__Materials provided__:

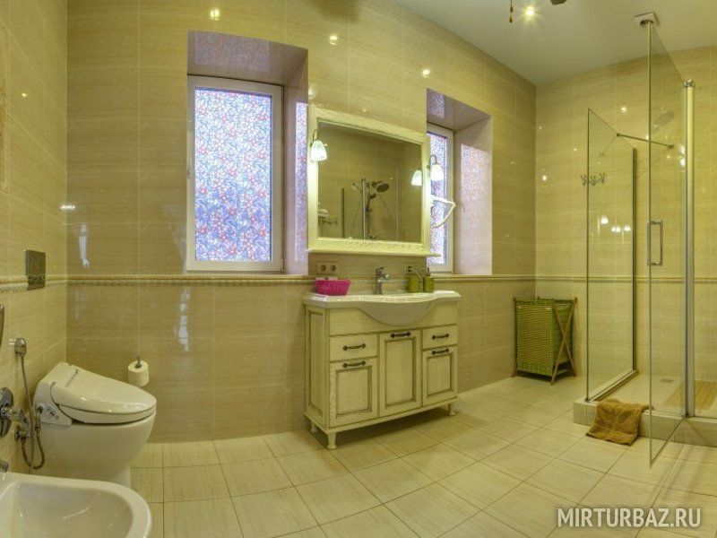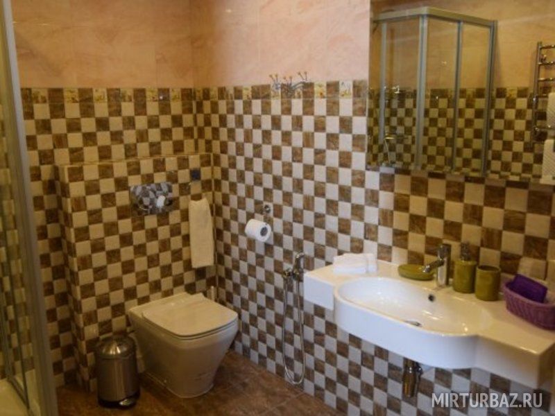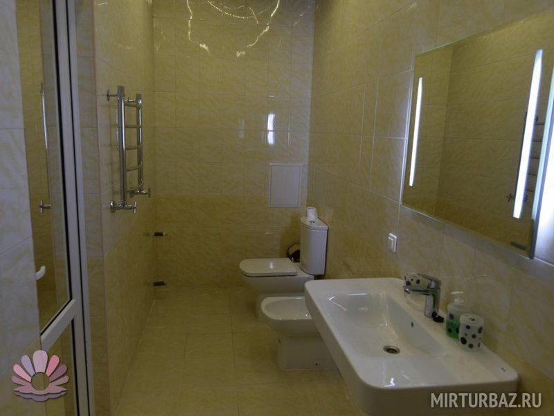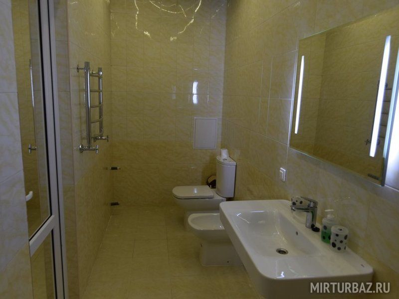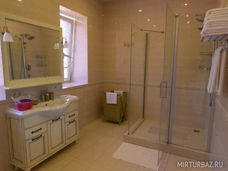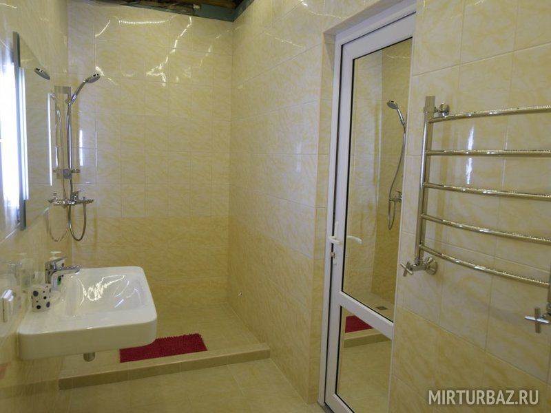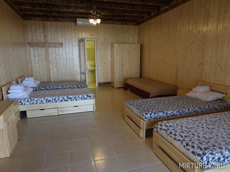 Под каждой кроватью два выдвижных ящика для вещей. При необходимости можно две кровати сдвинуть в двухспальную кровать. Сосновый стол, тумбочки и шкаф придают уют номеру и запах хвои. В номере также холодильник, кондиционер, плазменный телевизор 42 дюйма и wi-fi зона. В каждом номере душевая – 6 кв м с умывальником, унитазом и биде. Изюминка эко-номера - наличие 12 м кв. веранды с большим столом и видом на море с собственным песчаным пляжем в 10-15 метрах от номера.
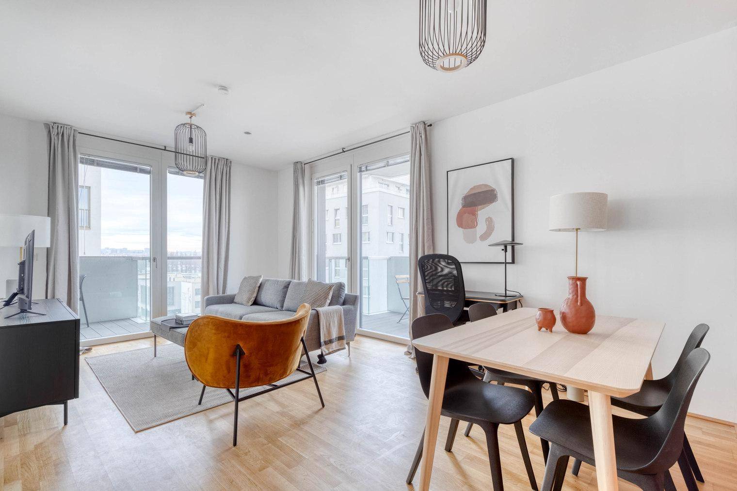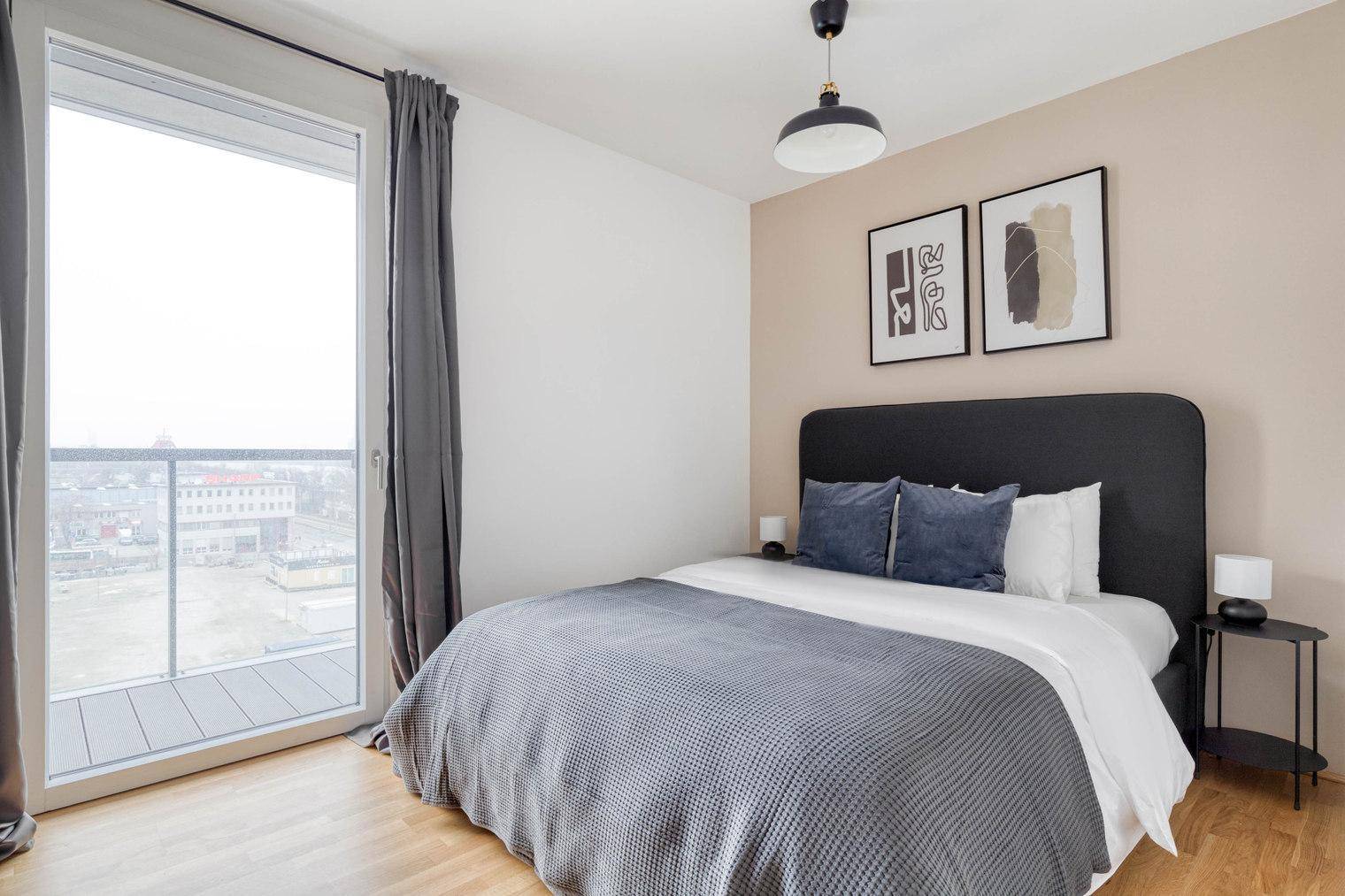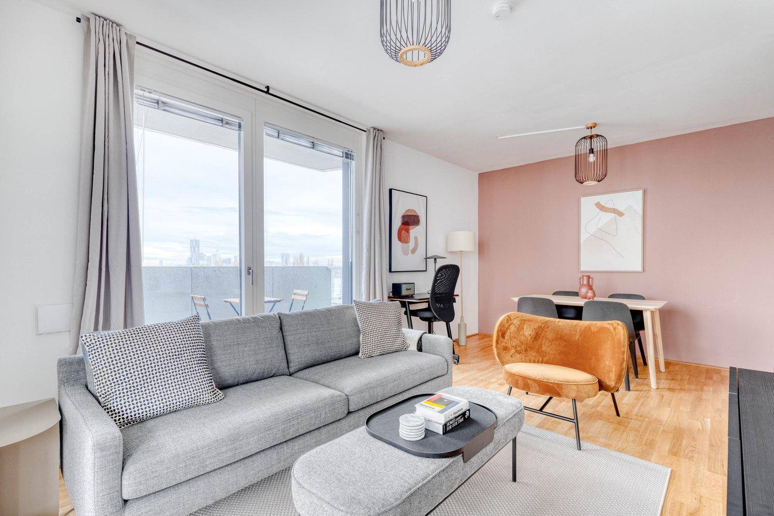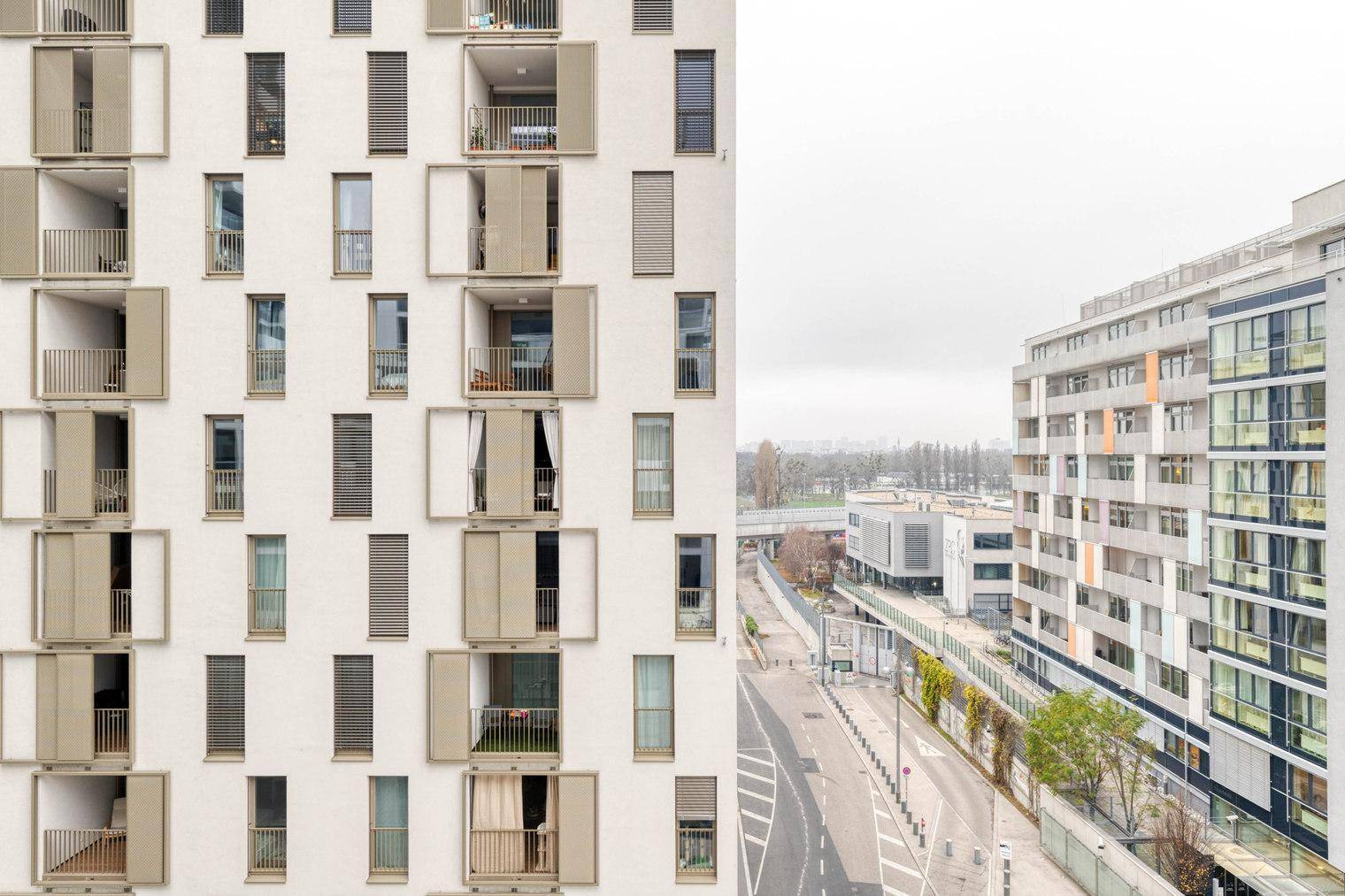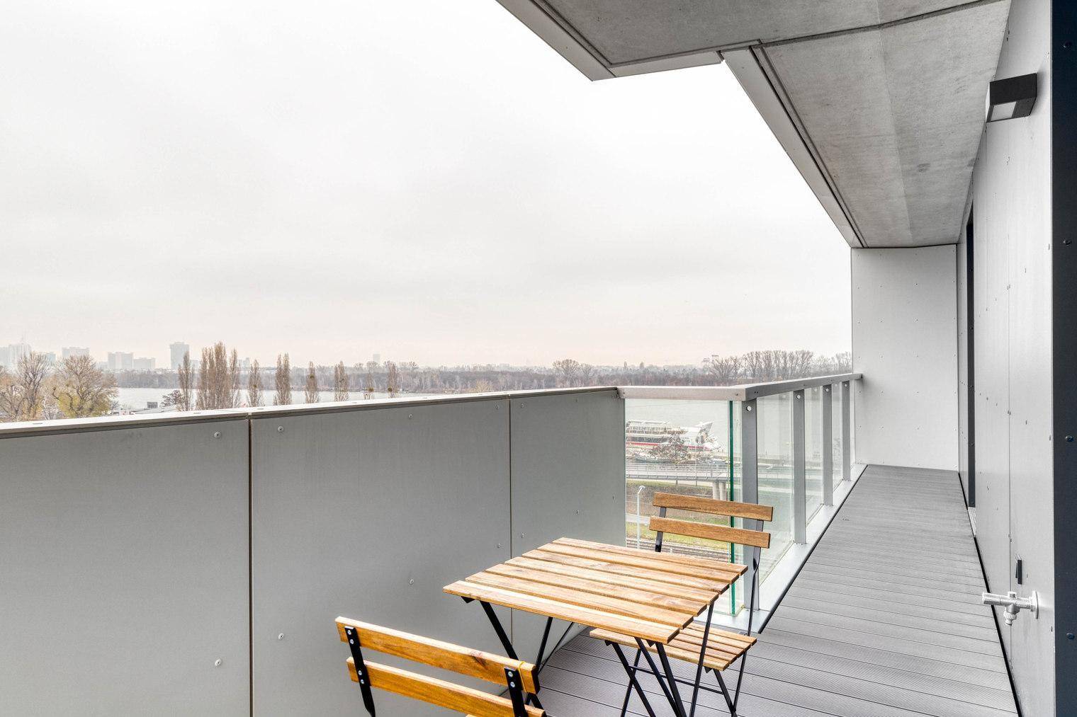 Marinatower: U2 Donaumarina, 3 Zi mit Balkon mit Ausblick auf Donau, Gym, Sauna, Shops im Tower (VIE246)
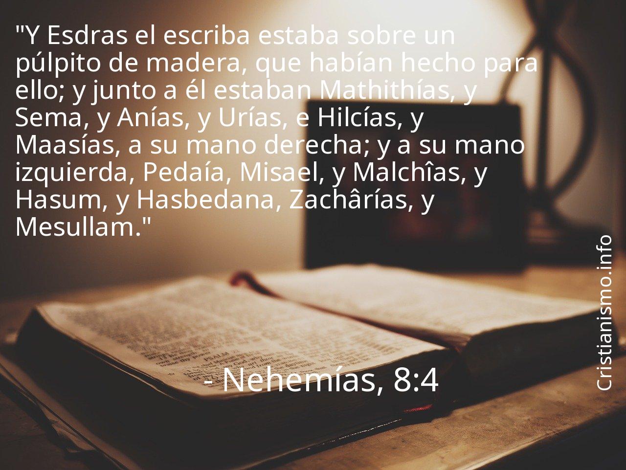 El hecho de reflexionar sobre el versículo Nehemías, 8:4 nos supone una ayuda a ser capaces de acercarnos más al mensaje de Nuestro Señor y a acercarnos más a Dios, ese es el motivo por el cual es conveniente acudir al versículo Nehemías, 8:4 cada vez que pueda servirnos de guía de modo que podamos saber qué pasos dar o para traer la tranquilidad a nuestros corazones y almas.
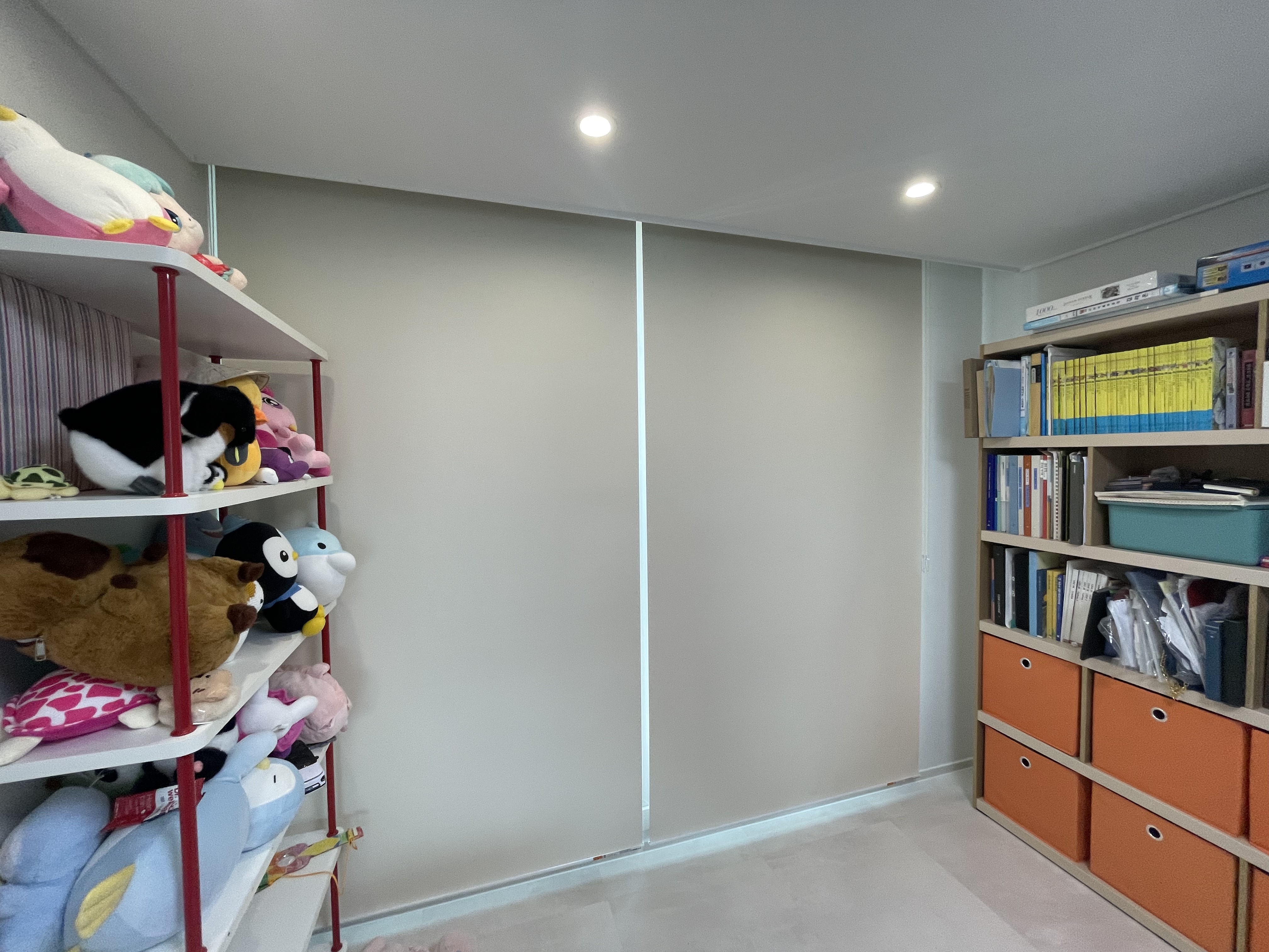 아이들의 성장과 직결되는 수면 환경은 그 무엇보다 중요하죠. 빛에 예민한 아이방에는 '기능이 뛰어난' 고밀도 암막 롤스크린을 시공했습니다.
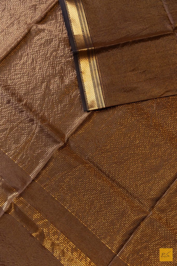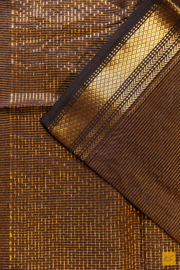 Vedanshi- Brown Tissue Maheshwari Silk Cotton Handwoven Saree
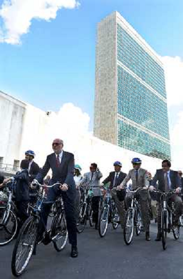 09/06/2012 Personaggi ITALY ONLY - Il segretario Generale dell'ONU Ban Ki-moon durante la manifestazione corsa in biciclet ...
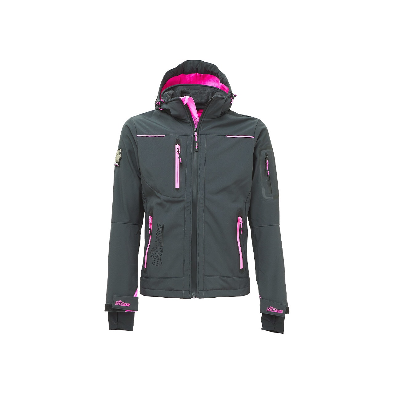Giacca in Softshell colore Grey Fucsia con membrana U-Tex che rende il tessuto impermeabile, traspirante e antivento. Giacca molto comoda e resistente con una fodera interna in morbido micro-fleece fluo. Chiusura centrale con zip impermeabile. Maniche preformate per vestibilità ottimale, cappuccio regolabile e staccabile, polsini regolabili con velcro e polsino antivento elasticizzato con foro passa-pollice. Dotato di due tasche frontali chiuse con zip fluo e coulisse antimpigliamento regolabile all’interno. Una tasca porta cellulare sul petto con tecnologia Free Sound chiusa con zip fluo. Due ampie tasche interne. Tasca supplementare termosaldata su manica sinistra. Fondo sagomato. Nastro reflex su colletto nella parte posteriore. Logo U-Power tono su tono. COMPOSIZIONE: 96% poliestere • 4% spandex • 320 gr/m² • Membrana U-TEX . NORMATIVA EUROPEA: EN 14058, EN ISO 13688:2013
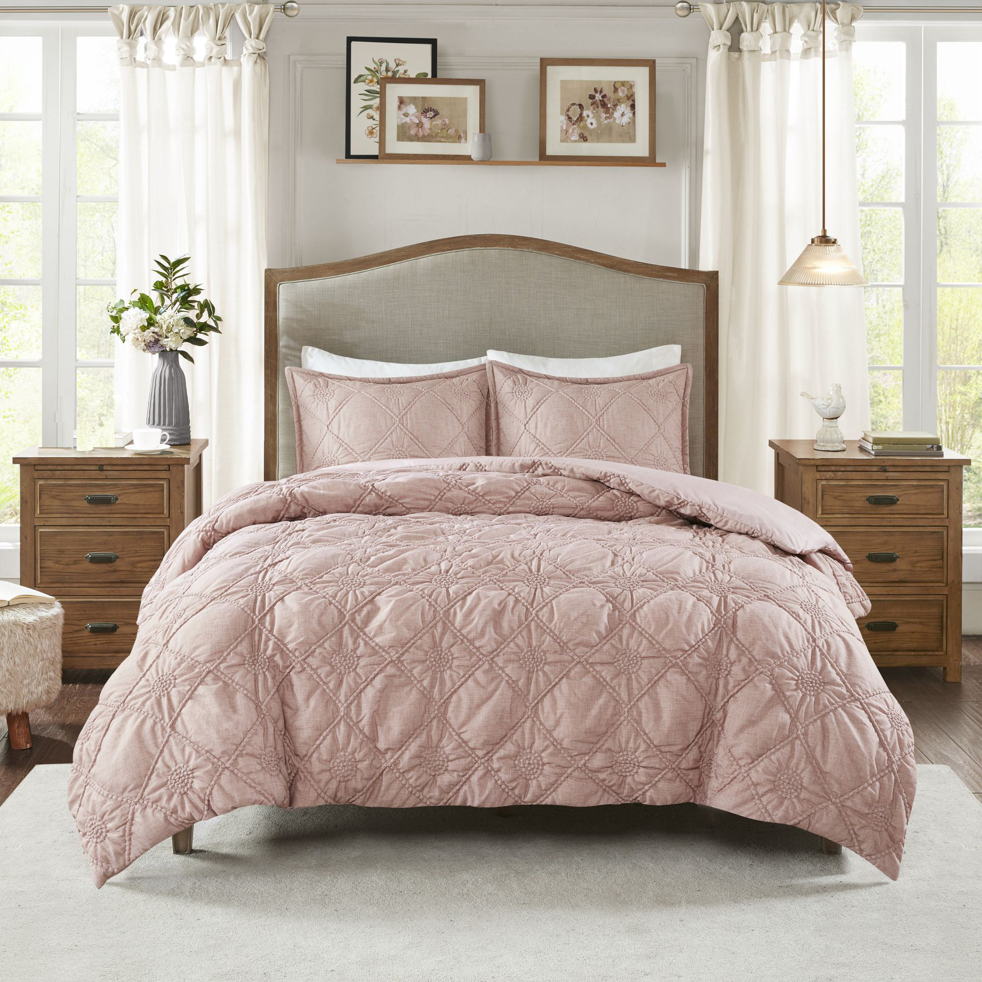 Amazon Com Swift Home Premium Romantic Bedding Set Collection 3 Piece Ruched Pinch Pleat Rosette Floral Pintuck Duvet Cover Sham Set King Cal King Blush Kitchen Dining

__To do__:
Exactly the lines from the one containing "Giacca in Softshell" to the end of the records above, both end lines included, are to be printed, and no pictures with them.

__Task solution__:
Giacca in Softshell colore Grey Fucsia con membrana U-Tex che rende il tessuto impermeabile, traspirante e antivento. Giacca molto comoda e resistente con una fodera interna in morbido micro-fleece fluo. Chiusura centrale con zip impermeabile. Maniche preformate per vestibilità ottimale, cappuccio regolabile e staccabile, polsini regolabili con velcro e polsino antivento elasticizzato con foro passa-pollice. Dotato di due tasche frontali chiuse con zip fluo e coulisse antimpigliamento regolabile all’interno. Una tasca porta cellulare sul petto con tecnologia Free Sound chiusa con zip fluo. Due ampie tasche interne. Tasca supplementare termosaldata su manica sinistra. Fondo sagomato. Nastro reflex su colletto nella parte posteriore. Logo U-Power tono su tono. COMPOSIZIONE: 96% poliestere • 4% spandex • 320 gr/m² • Membrana U-TEX . NORMATIVA EUROPEA: EN 14058, EN ISO 13688:2013
 Amazon Com Swift Home Premium Romantic Bedding Set Collection 3 Piece Ruched Pinch Pleat Rosette Floral Pintuck Duvet Cover Sham Set King Cal King Blush Kitchen Dining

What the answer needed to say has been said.